▶ _DIRECTIONS_
Find the line below with "Walker /Sunn O ))) |" and the line with "子どもたちは,尋ね方や答え方". Output them and the lines between, exactly, but not the pictures.

-------- DATA PROVIDED

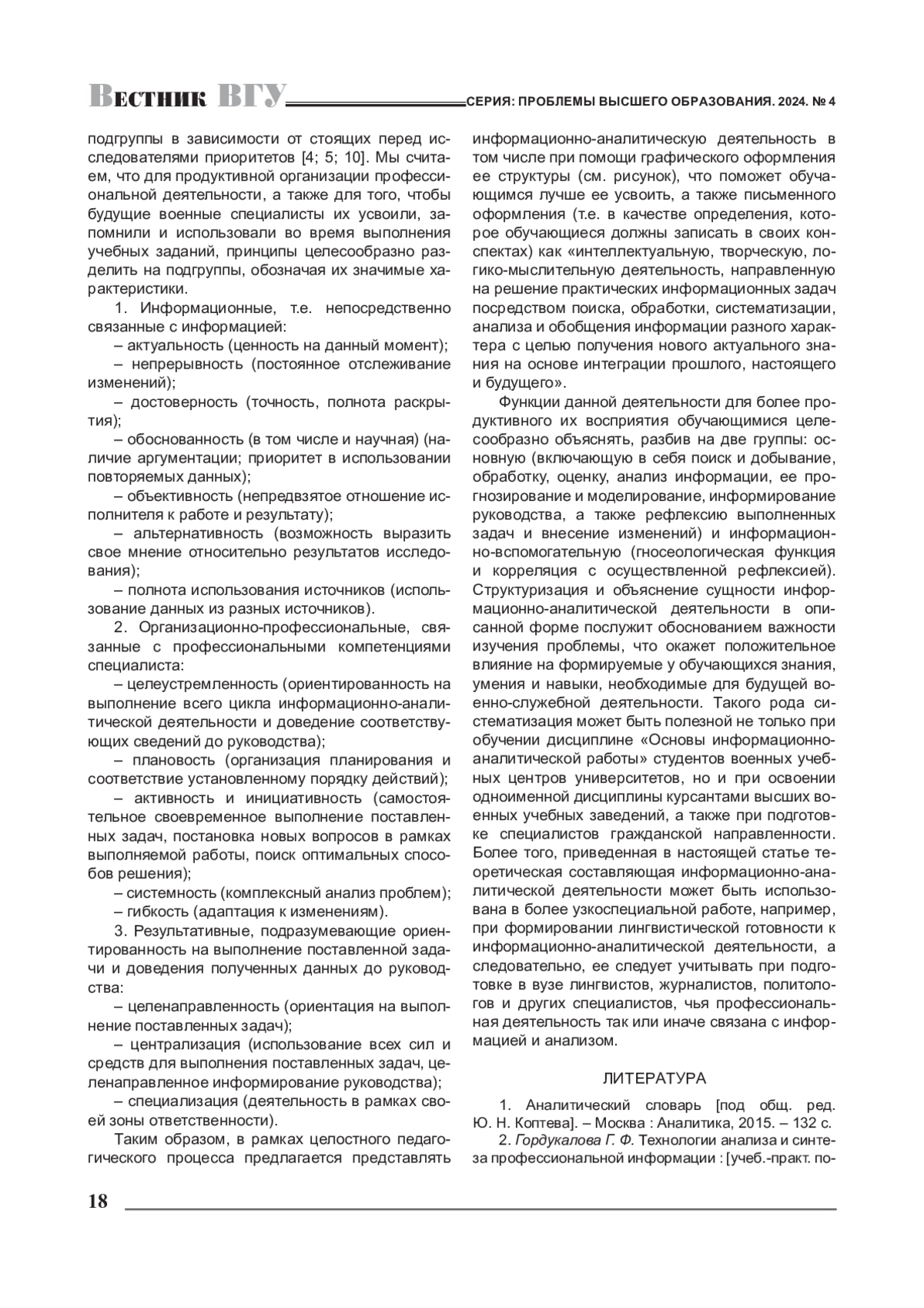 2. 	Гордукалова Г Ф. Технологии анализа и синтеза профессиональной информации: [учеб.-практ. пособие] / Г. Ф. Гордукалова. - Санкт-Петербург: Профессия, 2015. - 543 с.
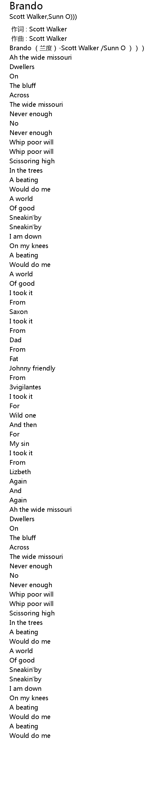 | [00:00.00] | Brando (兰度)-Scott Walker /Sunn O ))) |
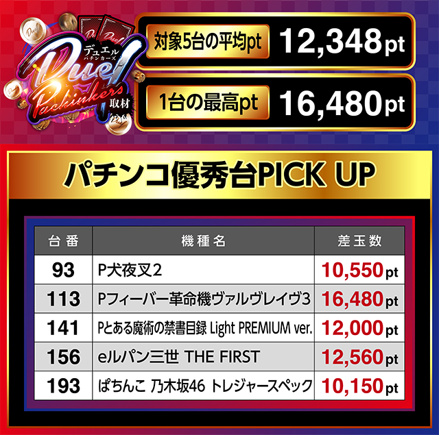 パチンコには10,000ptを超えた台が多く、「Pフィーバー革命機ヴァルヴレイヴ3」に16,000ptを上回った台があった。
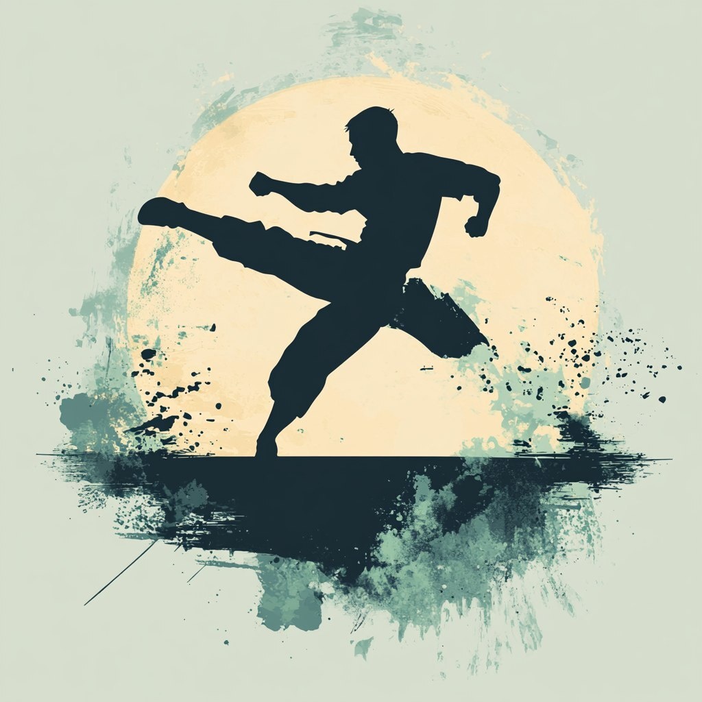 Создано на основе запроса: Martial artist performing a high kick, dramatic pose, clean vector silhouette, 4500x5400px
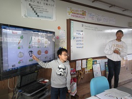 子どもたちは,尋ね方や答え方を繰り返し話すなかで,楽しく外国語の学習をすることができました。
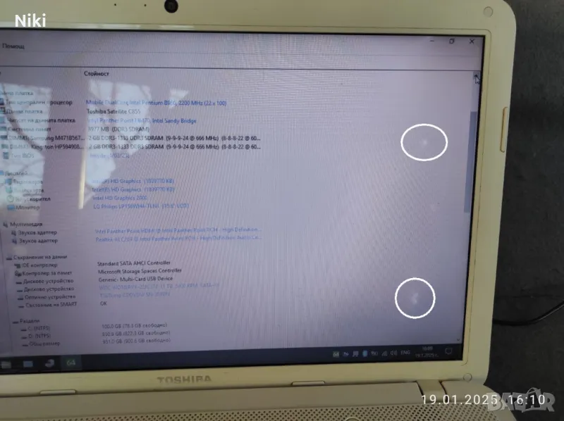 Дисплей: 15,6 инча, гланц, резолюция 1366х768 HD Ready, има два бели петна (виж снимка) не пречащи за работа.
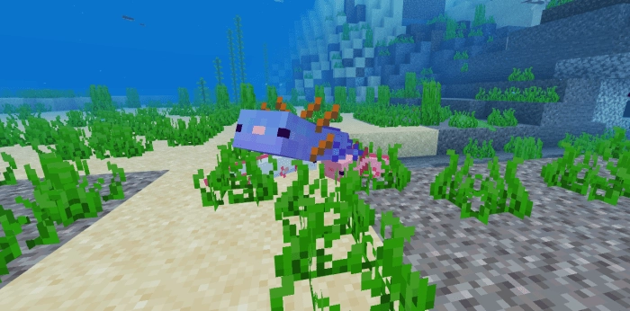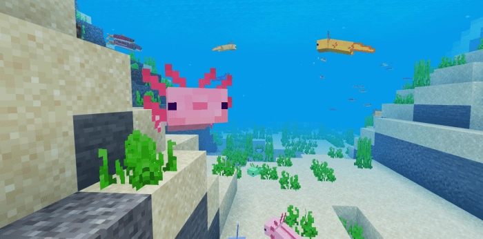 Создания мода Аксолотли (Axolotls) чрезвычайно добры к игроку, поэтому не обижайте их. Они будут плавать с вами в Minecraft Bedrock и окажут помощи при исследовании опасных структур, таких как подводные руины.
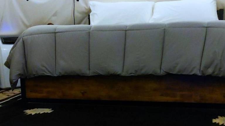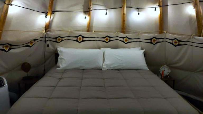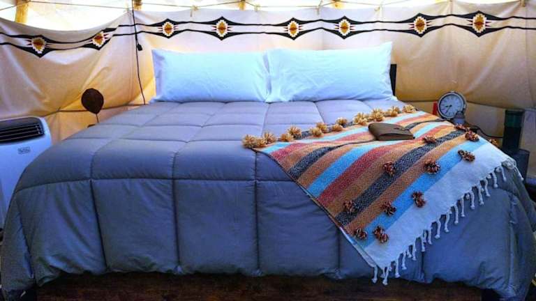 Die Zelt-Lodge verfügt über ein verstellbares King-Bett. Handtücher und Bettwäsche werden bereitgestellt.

----------------

▶ _PROBLEM SOLUTION_
 | [00:00.00] | Brando (兰度)-Scott Walker /Sunn O ))) |
 パチンコには10,000ptを超えた台が多く、「Pフィーバー革命機ヴァルヴレイヴ3」に16,000ptを上回った台があった。
 Создано на основе запроса: Martial artist performing a high kick, dramatic pose, clean vector silhouette, 4500x5400px
 子どもたちは,尋ね方や答え方を繰り返し話すなかで,楽しく外国語の学習をすることができました。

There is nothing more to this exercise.